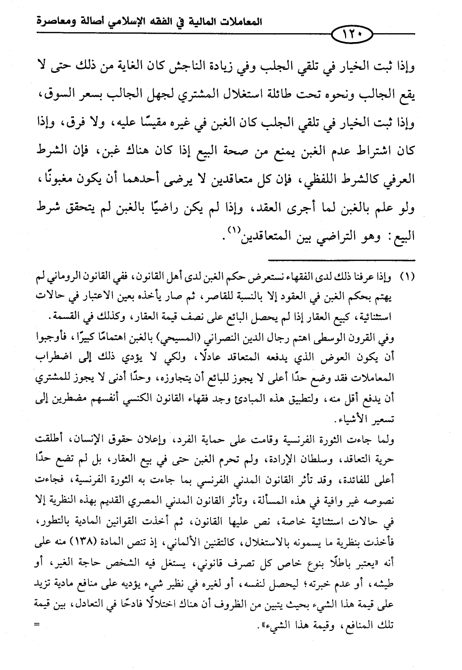 ولما جاءت الثورة الفرنسية وقامت على حماية الفرد، وإعلان حقوق الإنسان، أطلقت حرية التعاقد، وسلطان الإرادة، ولم تحرم الغبن حتى في بيع العقار، بل لم تضع حدًا أعلى للفائدة، وقد تأثر القانون المدني الفرنسي بما جاءت به الثورة الفرنسية، فجاءت نصوصه غير وافية في هذه المسألة، وتأثر القانون المدني المصري القديم بهذه النظرية إلا في حالات استثنائية خاصة، نص عليها القانون، ثم أخذت القوانين المادية بالتطور، فأخذت بنظرية ما يسمونه بالاستغلال، كالتقنين الألماني، إذ تنص المادة (١٣٨) منه على أنه "يعتبر باطلاً بنوع خاص كل تصرف قانوني، يستغل فيه الشخص حاجة الغير، أو طيشه، أو عدم خبرته؛ ليحصل لنفسه، أو لغيره في نظير شيء يؤديه على منافع مادية تزيد على قيمة هذا الشيء بحيث يتبين من الظروف أن هناك اختلالاً فادحًا في التعادل، بين قيمة تلك المنافع، وقيمة هذا الشيء". =
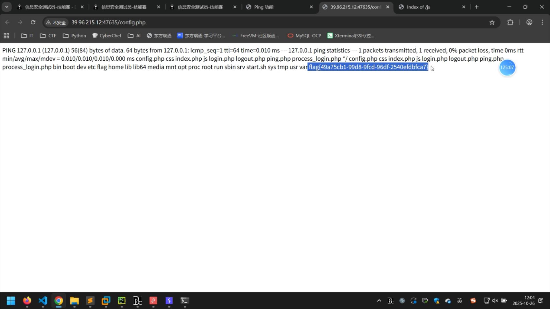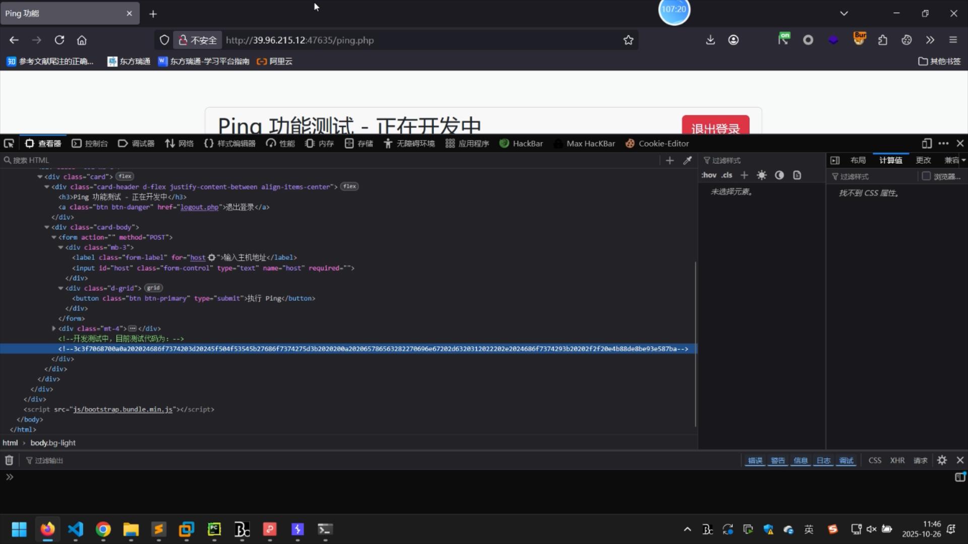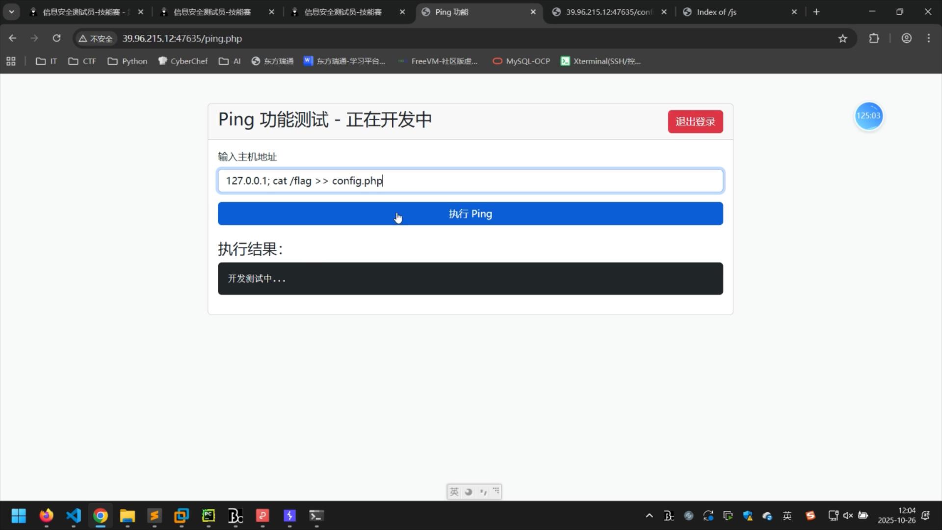 登录进去是ping.php。F12看到提示,base64解密后发现命令可以堆叠但没有回显。
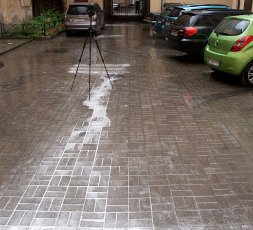 Foot traffic and passing cars spread and smear the chalk, gradually wearing away each drawing until it became a series of purely visual forms.
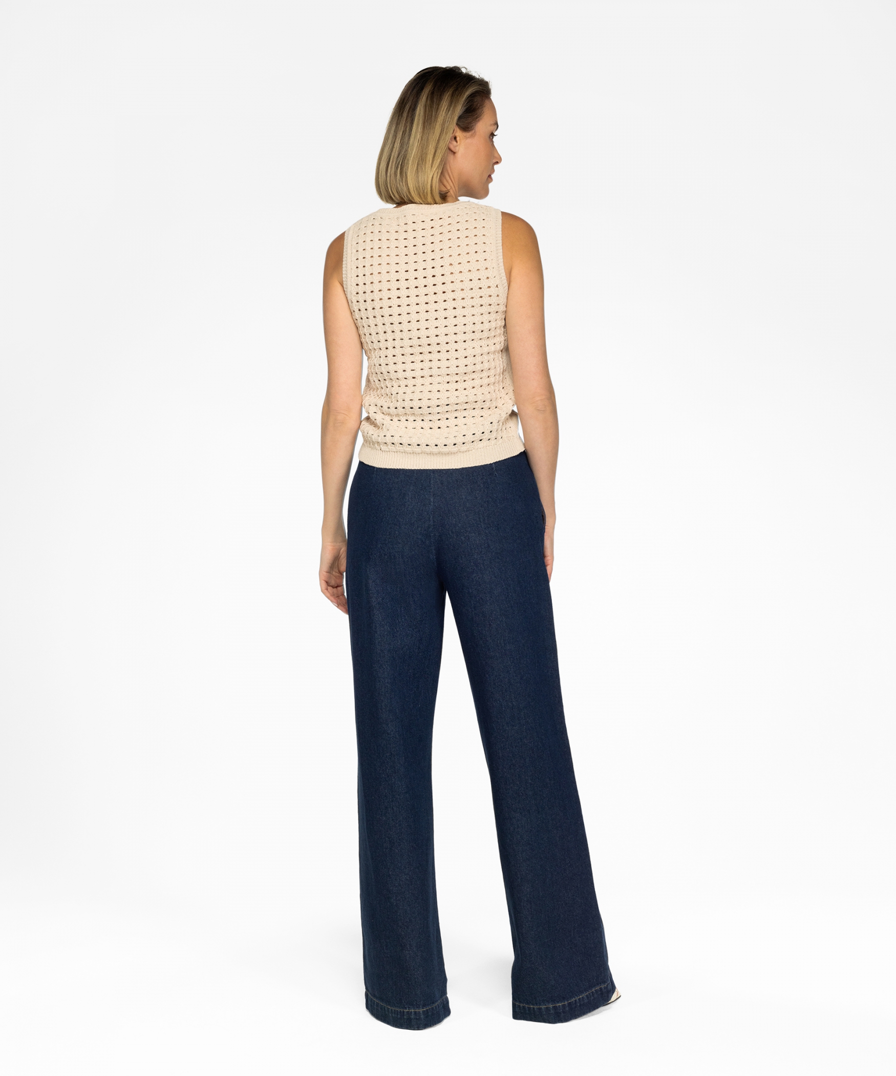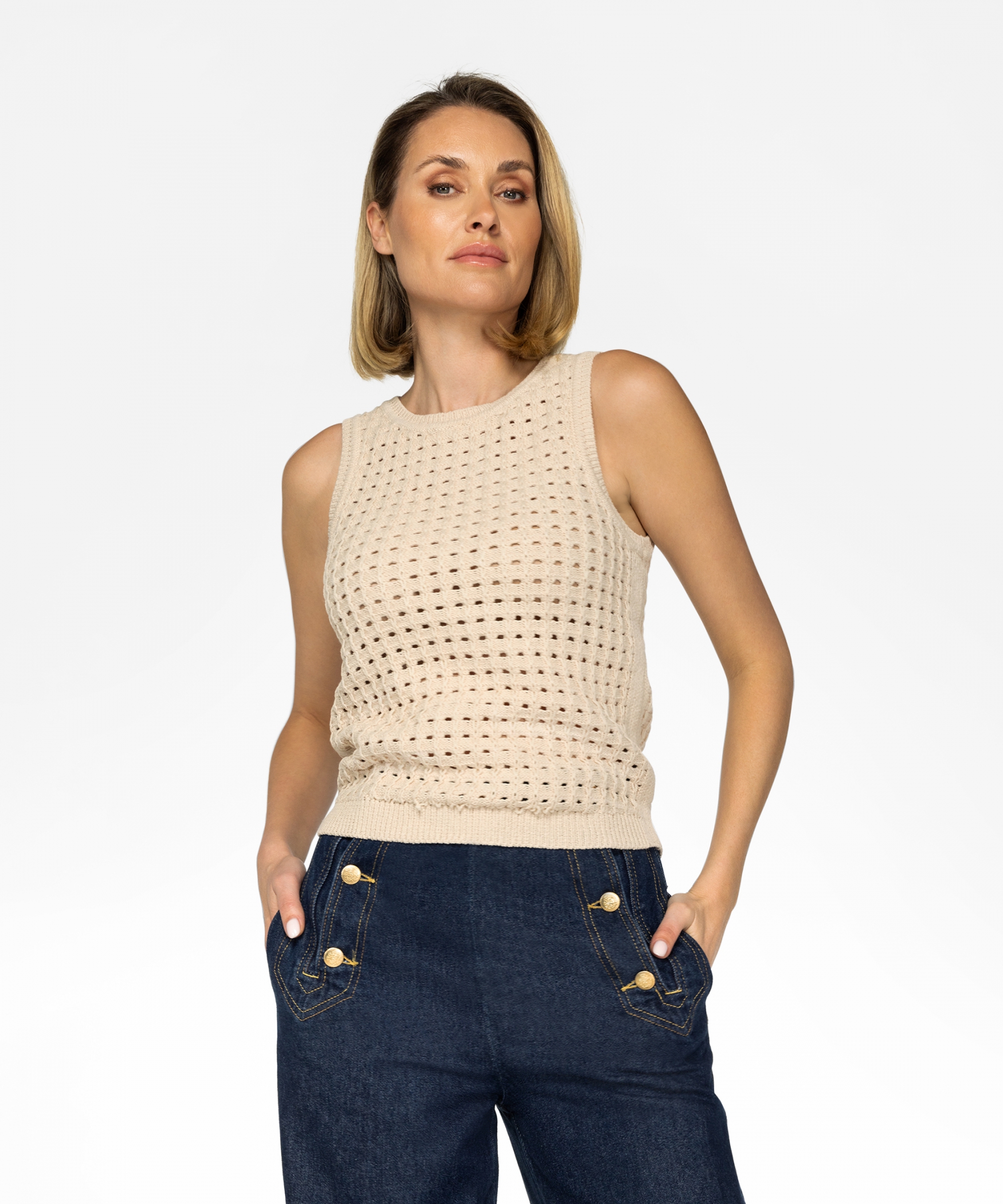 Onze Tessel in de kleur Antique White is het perfecte gebreide top voor de zomer en is gemaakt van 100% gerecycled polyester. De ronde hals en rechtvallend pasvorm zorgen ervoor dat dit top over andere kledingstukken kan worden gedragen of als top op zichzelf. De veelzijdigheid maakt het een onmisbaar item in jouw garderobe. Stylingtip: draag de Tessel samen met de Salome shorts voor een luchtige zomerlook. Wil je de top het liefst combineren met een lange broek? Dan past de Pollo Denim broek er fantastisch bij. Ook goed te combineren met de Jahna blazer en de Panama pantalon voor een ton-sur-ton look.

What the exercise asks ▸ Print verbatim every line above, apart from the pictures.

Task answer ▸
 ولما جاءت الثورة الفرنسية وقامت على حماية الفرد، وإعلان حقوق الإنسان، أطلقت حرية التعاقد، وسلطان الإرادة، ولم تحرم الغبن حتى في بيع العقار، بل لم تضع حدًا أعلى للفائدة، وقد تأثر القانون المدني الفرنسي بما جاءت به الثورة الفرنسية، فجاءت نصوصه غير وافية في هذه المسألة، وتأثر القانون المدني المصري القديم بهذه النظرية إلا في حالات استثنائية خاصة، نص عليها القانون، ثم أخذت القوانين المادية بالتطور، فأخذت بنظرية ما يسمونه بالاستغلال، كالتقنين الألماني، إذ تنص المادة (١٣٨) منه على أنه "يعتبر باطلاً بنوع خاص كل تصرف قانوني، يستغل فيه الشخص حاجة الغير، أو طيشه، أو عدم خبرته؛ ليحصل لنفسه، أو لغيره في نظير شيء يؤديه على منافع مادية تزيد على قيمة هذا الشيء بحيث يتبين من الظروف أن هناك اختلالاً فادحًا في التعادل، بين قيمة تلك المنافع، وقيمة هذا الشيء". =
 登录进去是ping.php。F12看到提示,base64解密后发现命令可以堆叠但没有回显。
 Foot traffic and passing cars spread and smear the chalk, gradually wearing away each drawing until it became a series of purely visual forms.
 Onze Tessel in de kleur Antique White is het perfecte gebreide top voor de zomer en is gemaakt van 100% gerecycled polyester. De ronde hals en rechtvallend pasvorm zorgen ervoor dat dit top over andere kledingstukken kan worden gedragen of als top op zichzelf. De veelzijdigheid maakt het een onmisbaar item in jouw garderobe. Stylingtip: draag de Tessel samen met de Salome shorts voor een luchtige zomerlook. Wil je de top het liefst combineren met een lange broek? Dan past de Pollo Denim broek er fantastisch bij. Ook goed te combineren met de Jahna blazer en de Panama pantalon voor een ton-sur-ton look.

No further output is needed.